The Ottomans killed Daher and took control of his Acre headquarters in 1775. Soon afterward, the Ottomans appointed Ahmad Pasha al-Jazzar as the governor of Sidon and Jazzar made Acre his headquarters. His first serious challenge was subduing the Zayadina, who continued to control much of Acre's Galilee countryside. The chief rebel was Daher's son, Ali al-Daher of Safed. Jiddin was listed among the roughly fifteen fortress villages under Ali's control. After a series of battles, Ali was defeated by Jazzar and later killed in late 1776. A multazim of Sahil Akka from the Husayn family, Muhammad al-Husayn, launched a rebellion in late 1778, coinciding with other local risings against Jazzar by remnants of the Zayadina, as well as the Metawalis (Twelver Shia Muslims) of southern Lebanon. Jazzar dismantled Jiddin and the village of al-Bassa thereafter replaced it as the administrative center of Sahil Akka. The dwellings around the castle were afterward abandoned and part of the inhabitants may have settled in the nearby dependency of Khirbet Ja'thun to the west.
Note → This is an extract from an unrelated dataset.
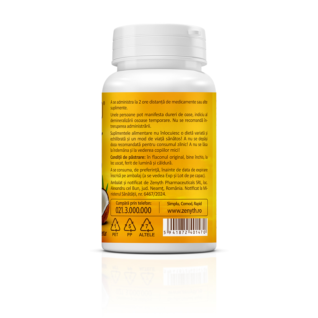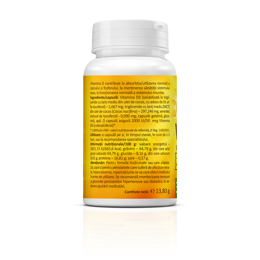Supliment alimentar cu vitamina D3, sub formă de capsule, solubilizată în trigliceride din ulei de cocos, pentru aport zilnic.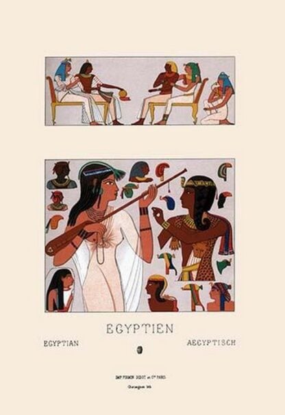 Egyptian Headdresses and Hairstyles by Auguste Racinet – Posters and prints on paper or canvas by standard digital or deluxe giclee printing.

A map by Pierre Jacotin from Napoleon's invasion of 1799 showed the place, named as Chateau de Geddin. In 1838, Eli Smith listed Jiddin as a ruin or deserted place. French explorer Victor Guérin visited in 1875, and provided the first written details about the fortress and its surroundings:

By its gigantic remains Kal'at Djeddin still creates an imposing effect … It has been constructed with rectangular stones of medium size; only the lower courses are of larger blocks. Two large square towers, each lacking its upper storey, are still three-quarters standing and contain within them several rooms, at present very dilapidated; the staircases which lead to them have been purposely deprived of some of their steps to make access more difficult. Below extend store-rooms and stables, whose vaults rest on several rows of arcades. Cisterns cut into the rock extend under a paved courtyard. … Below and adjoining the castle, a second enceinte, flanked by semi-circular towers, encloses within it the remains of numerous demolished houses, cisterns and scrub, which grows everywhere amid the debris. To the north and east, gardens long since abandoned are in the same way invaded by thorns and wild shrubs, which entwine and stifle the figs, pomegranates and olives.

At some point in the 19th century, three or four dwellings were built inside the ruins of the fortress. Both Guérin and an earlier 19th century traveler to the area, William McClure Thomson (c. 1859), noted that the fortress remains were inhabited by Bedouin shepherds and their flocks. When Herbert Kitchener of the Palestine Exploration Fund inspected the place in 1877, he found it "quite unoccupied, though there are several chambers and vaults that could serve as habitations." He noted that the surrounding area was dominated by Bedouins, save for a few cultivated hamlets. In the same year, Kitchener observed quality Arab masonry and that "Some parts of the castle are in a fair state of repair, though now it is entirely deserted and is rapidly falling to ruin"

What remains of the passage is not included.